-OpEd-
BOGOTA — I was convinced — twice over — that the charismatic Pope Francis might genuinely be infallible. First for being pope, because the First Vatican Council declared in 1870 that the Supreme Pontiff could not err, at least not in the presence of the Holy Spirit. And secondly, for being Argentinian. I guess I’ve come to believe Argentines’ famously high opinion of themselves.
Many of the pope’s early positions appeared to confirm this “infallibility,” showing us as they did a simple man who was open to adopting more humane and understanding positions on issues such as homosexuality. He seemed to have been enlightened by the Holy Spirit.
But Pope Francis has taken two unfortunate positions on the issue of drugs, which demonstrate how fallible he remains.
He recently expressed concern about growing drug trafficking in Argentina, saying he hoped that his native country would not go the “Mexican” way with drugs. The comments prompted verbal protests from Mexico. The pope apologized and clarified that he had not mean to offend Mexicans, and that is almost certainly true.

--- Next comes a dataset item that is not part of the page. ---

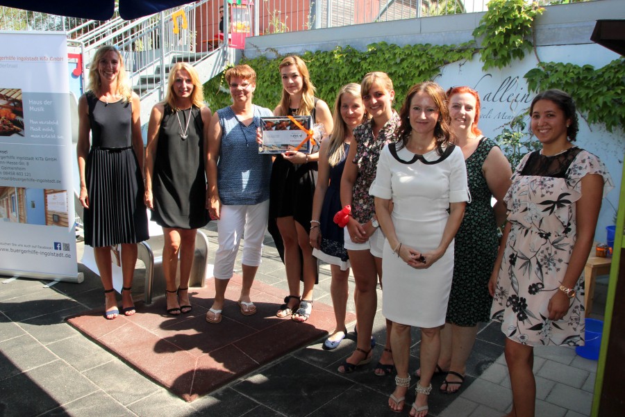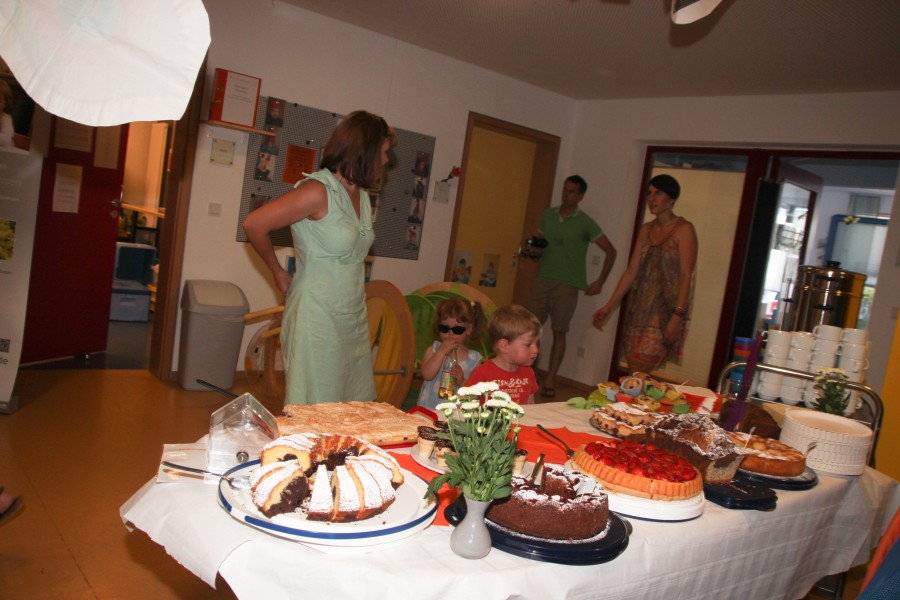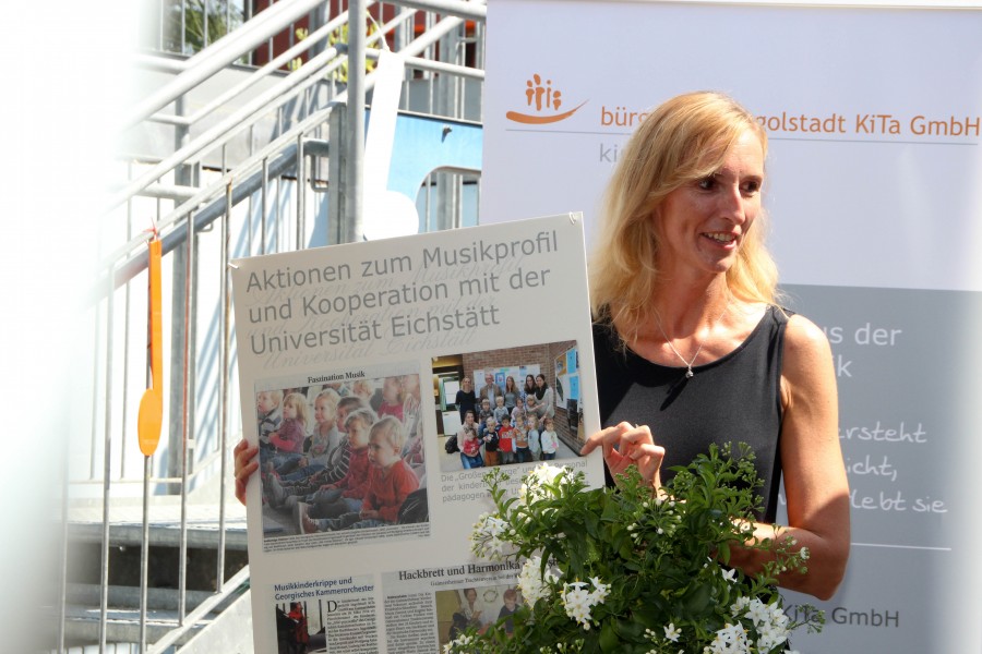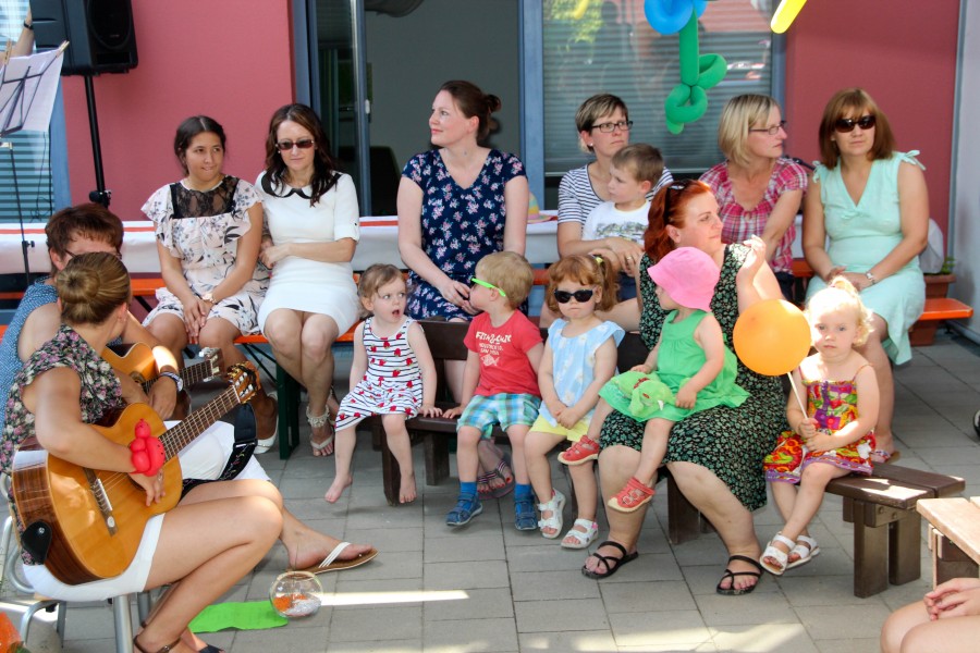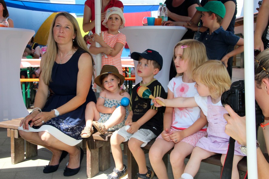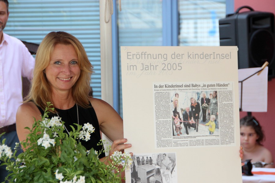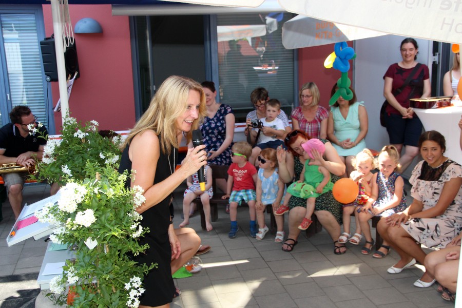 Samstag, 04. Juli 2015 Mit einem großen Fest feierte die kinderInsel am Samstag, den 04. Juli 2015, ihr großes 10jähriges Jubiläum im Innenhof. Um 15 Uhr begann das Fest mit dem offiziellen Teil. Ein Vater spielte zur Eröffnung auf dem Saxophon und die Kinder sangen der kinderInsel ein Geburtstagslied und eröffneten die Feier mit Ihrem Begrüßungssong, begleitet von zahlreichen Instrumenten und zwei Gitarren. Der Vorstand der bürgerhilfe e.V., Herr Ralf Piegsa, begrüßte alle öffentlichen Vertreter, alle Kinder und Eltern, Leitungen und stellvertretende Leitungen der bürgerhilfe-Einrichtungen. Frau Mickel, Bürgermeisterin von Gaimersheim, blickte auf die Entstehungsjahre der kinderInsel aus der Sicht der Gemeinde Gaimersheim zurück. Frau Pfeffer, Geschäftsführung der bürgerhilfe ingolstadt KiTa GmbH, ließ die vergangenen Jahre der kinderInsel anhand von Plakaten der jeweiligen Jahre Revue passieren. Als Jubiläumsgeschenk erhielt das Team der kinderInsel einen Banner zum 10jährigen Jubiläum. Frau Weinhofer, Leitung der kinderInsel, berichtete von den musikalischen Aktionen der vergangenen Monate sowie über die Kooperation mit der Universität Eichstätt und ging in Ihrer Rede auch auf die Erweiterung der offenen Bildungsarbeit in der kinderInsel ab September 2015 ein. Sie ehrte auch Frau Graf, ehemalige Leitung, für 7 Jahre erfolgreiche und leidenschaftliche Leitungsarbeit in der kinderInsel. Die Redner erhielten einen goldenen Notenschlüssel aus Gips, welchen die Kinder gestalteten. Anschließend gab es ein reichhaltiges herzhaftes Buffet der kinderKüche der bürgerhilfe ingolstadt GmbH, Notenbrezeln von der Firma Hackner sowie ein abwechslungsreiches Kuchenbuffet des Elternbeirates und eine Jubiläumstorte vom Backhaus Hackner. Zurück |

But he did make a mistake in substance, not only style — for the misperception that drug trafficking making a massive entry into Argentina would somehow represent a “Mexicanization” of the phenomenon in that country. Or as they used to call it in the 1970s and 1980s, “Colombianization.”
Gangs love laws
The mistake is in thinking that drug-related violence and corruption elsewhere in Latin America would be due to acquiring — as if by contagion — certain traits of Mexico or Colombia. In fact, the reason for any exponential rise in violence would be that powerful drug-trafficking gangs had developed in Argentina, with enormous capacity for violence. And if that happened, it would not be because of Colombia or Mexico, but instead because of the presence of worldwide laws against certain drugs like marijuana and cocaine.
Such criminalization of drugs have not at all reduced the problems associated with their abuse. Instead, they have very effectively fomented an illicit drug economy with its tremendous potential for related crimes.
This is then related to the pope’s second misstep, namely comments he made a few months ago against legalizing drugs. “Drugs are an evil, and in the face of evil, you can neither give way nor make commitments,” he said then.
That’s a mistaken notion, because drugs are not intrinsically bad. The problem is abuse. Decriminalization, which doesn’t mean a free-for-all but a strictly controlled and regulated market, is one way of confronting the abuses without giving way to a prohibition’s vicious effects, like trafficking.
If Pope Francis wants to avoid Argentina “going the Mexican way,” there is an obvious solution: Legalize drugs. If only the Holy Spirit could inspire this promising leader to reconsider his position on these global drug bans that have created so much unnecessary harm and evil.